The Union Cabinet has approved the Terms of Reference for the 8th Central Pay Commission, which will revise salaries and benefits for central government employees and pensioners. The commission is expected to submit its recommendations in 18 months, following extensive consultations with various stakeholders. The recommendations are expected to be implemented from January 1, 2026.

Swan Defence and Heavy Industries, in collaboration with MDL, is making significant investments and expanding capacities at India's largest shipyard in Pipavav Port. This strategic partnership not only reinforces #AatmanirbharBharat but also opens up opportunities for partnerships and tie-ups in the shipbuilding space. The recent signing of a MoU with Mazagon Dock Shipbuilders to design and construct Landing Platform Docks for the Indian Navy is a testimony to this.

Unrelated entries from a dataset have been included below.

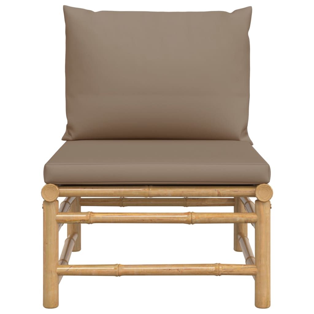 Środkowa sofa ogrodowa z poduszkami w kolorze taupe, bambusowa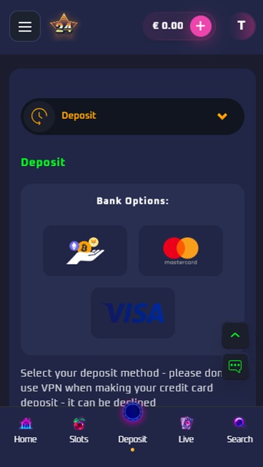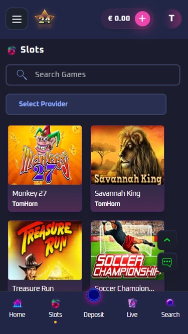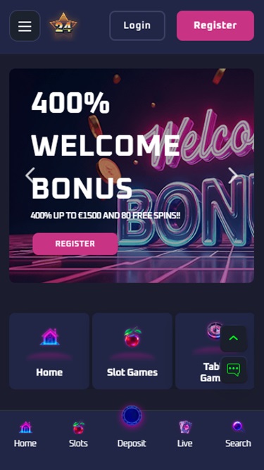 Платформа казино использует темный фон и является адаптивной и оптимизированной для всех устройств, как настольных, так и мобильных. Bet24Star хорошо организована; она выглядит компактной и довольно простой в навигации.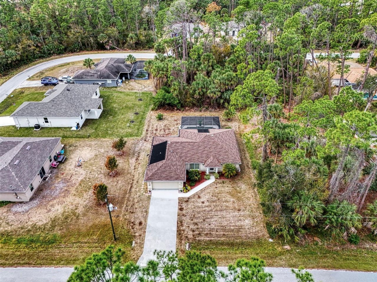 Attractive three bedroom, two bath, plus den, pool home, in a private, secluded North Port neighborhood. The home features an open floor plan, with cathedral ceilings in the main areas upon entrance. Your kitchen features stainless appliances, Corian counters, breakfast bar and a large closet pantry. The kitchen opens to your living room, dining room and den. French doors from the dining area, out to the lanai and solar heated pool. Private wooded views from your backyard. The master bedroom has a large walk-in closet. The den is a great extra room, with French Doors and could be used as an office or study too. The home is being sold turnkey furnished and has been taken care of immaculately by the owners and is move-in ready! The AC system and water heater were replaced in 2019, the roof was replaced in 2022. The pool has a newer pump and timer. Great location and within 5 miles to the interstate. Come see this great buy today!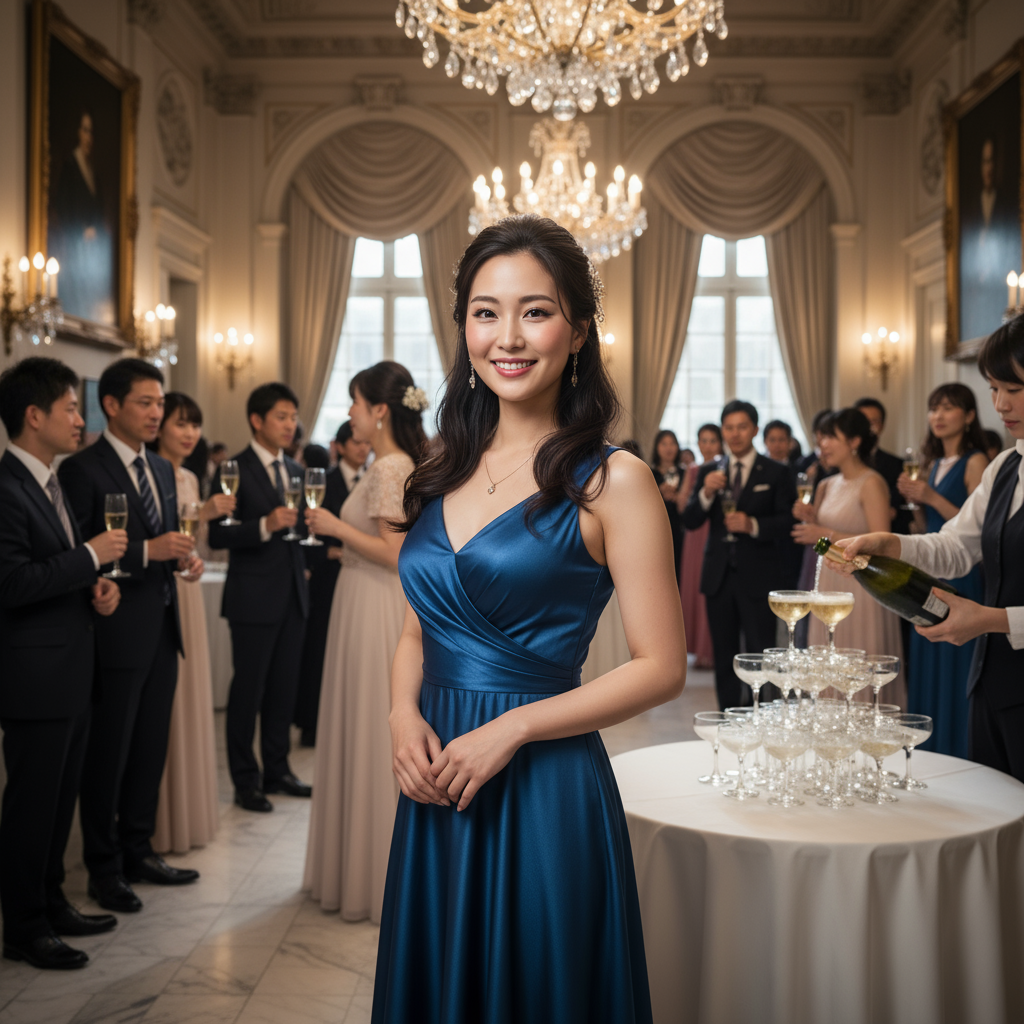 パーティー会場に一歩足を踏み入れると、シャンパンの栓を開ける音と、華やかな会話が耳に届きます。照明に照らされた空間で、私のメイクは期待通りの輝きを放っています。今夜という特別な時間を、心ゆくまで楽しもう。そんな決意と共に、私は優雅に微笑みながら、会場の中へと歩みを進めていきました。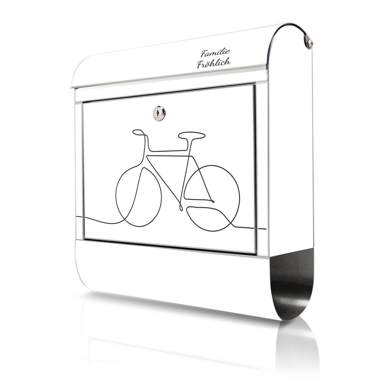Wandbriefkasten Edelstahl Motiv Lineart Fahrrad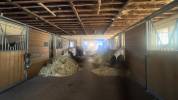 une écurie de 8 boxes aux façades escamotables, équipée d’abreuvoirs automatiques et d’un couloir d’alimentation, complétée par deux boxes de poulinage et deux stabulations ouvertes, chacune avec accès direct à son paddock. Une sellerie, une aire de pansage ainsi qu’une douche viennent compléter l’ensemble.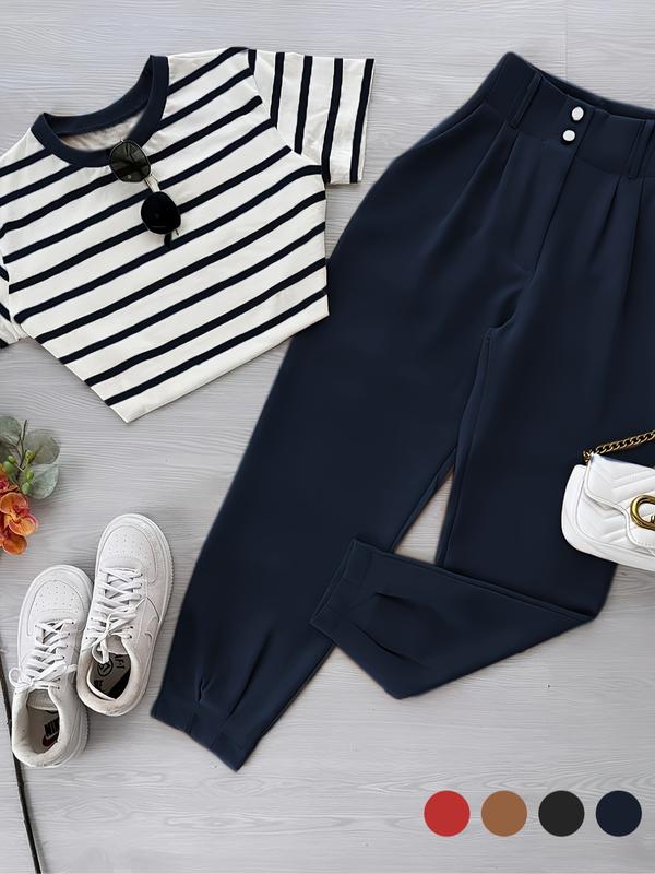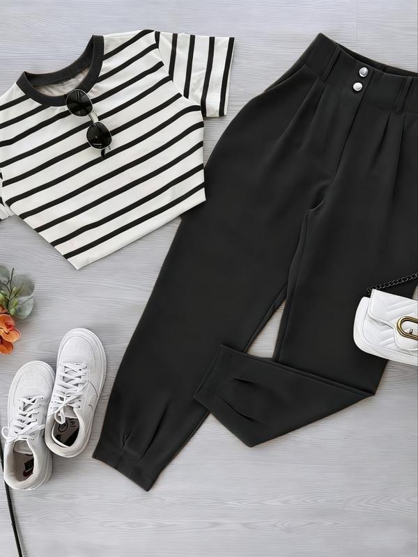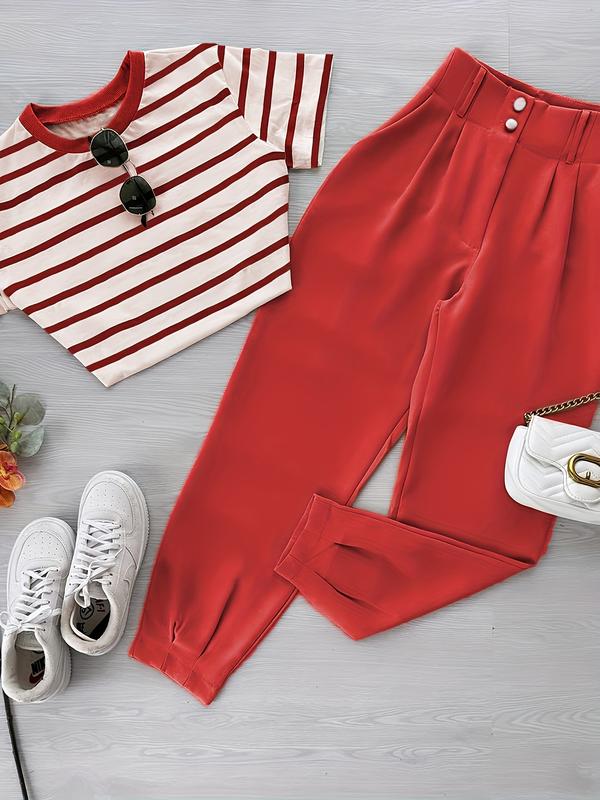 【Unique Pattern】: Features a bold striped pattern, distinguishing this two-piece set from typical solid-colored outfits.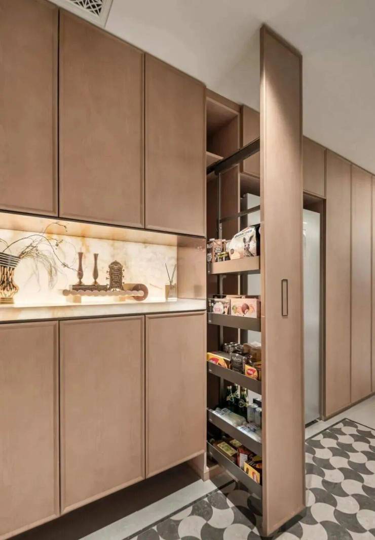 厨房更是堪称美食达人的天堂,集成一系列多功能调味拉篮、定制谷物抽屉等,收纳有序,油盐酱醋间的分类放置烦恼一次性得到解决,琐碎繁杂不再。

Aviation Daily reports that Air China Cargo, a subsidiary of Air China, will soon be acquiring up to ten Airbus A350Fs as part of its efforts to expand its fleet and improve air transport services. The announcement was made by Chen Chuanren, a renowned aviation correspondent for the Aviation Week Network, who joined the team in 2017. This move by Air China Cargo highlights the growing demand for air transport services in the Asia-Pacific region and is expected to contribute to the company's continued growth and success.